January 4, 2022 - 21:49

TEHRAN – A total of 702 historical objects have recently been recovered in the Iranian capital, a senior police official in charge of protecting cultural heritage has announced. 

The relics, which are estimated to date back to the Sassanid era (224-651), were about to be smuggled abroad by an antique dealer to be delivered to a buyer in one of the Persian Gulf states, but police intercepted them before delivery, Mehr quoted Hossein Rahimi as saying on Tuesday. 

There are 298 coins, some potteries, and other objects among the seized relics, the official added. 

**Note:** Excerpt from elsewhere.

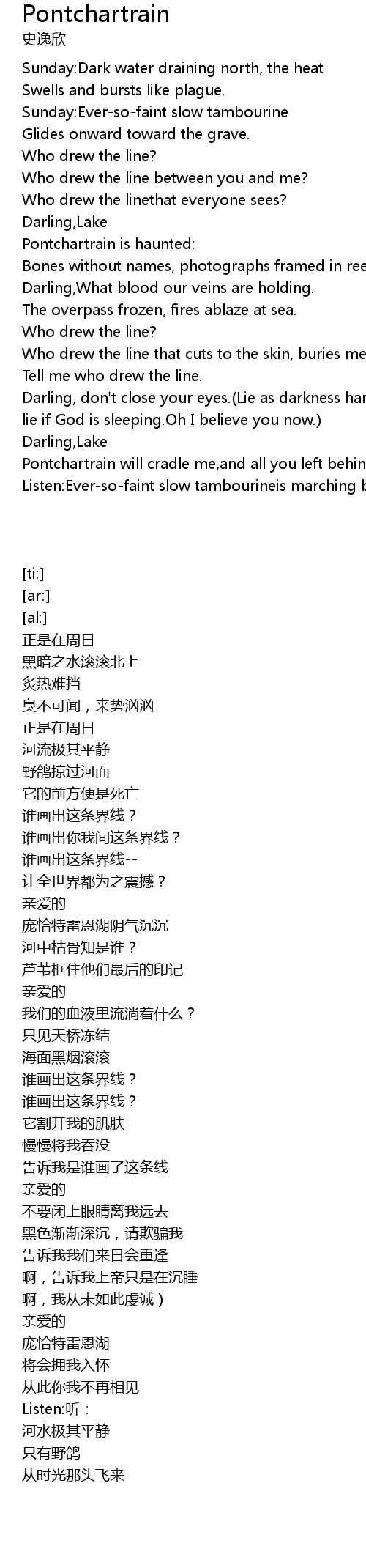 | [01:38.21] | 庞恰特雷恩湖阴气沉沉 |

The coins are the first-ever minted in Iran, and some clothing from the same period is stuck to the pottery, he explained. 

Cultural heritage experts have not been able to determine a price for some of these items because they are so valuable, he mentioned. 

He also noted that a person has been detained in this regard and surrendered to the judicial system for further investigation. 

In many ways, Iran under the Sassanian rule witnessed tremendous achievements of Persian civilization. Experts say that the art and architecture of the nation experienced a general renaissance during Sassanid rule.

In that era, crafts such as metalwork and gem-engraving grew highly sophisticated, as scholarship was encouraged by the state; many works from both the East and West were translated into Pahlavi, the official language of the Sassanians.

The legendary wealth of the Sassanian court is fully confirmed by the existence of more than one hundred examples of bowls or plates of precious metal known at present. One of the finest examples is the silver plate with partial gilding in the Metropolitan Museum of Art in New York. The dynasty was destroyed by Arab invaders during a span from 637 to 651.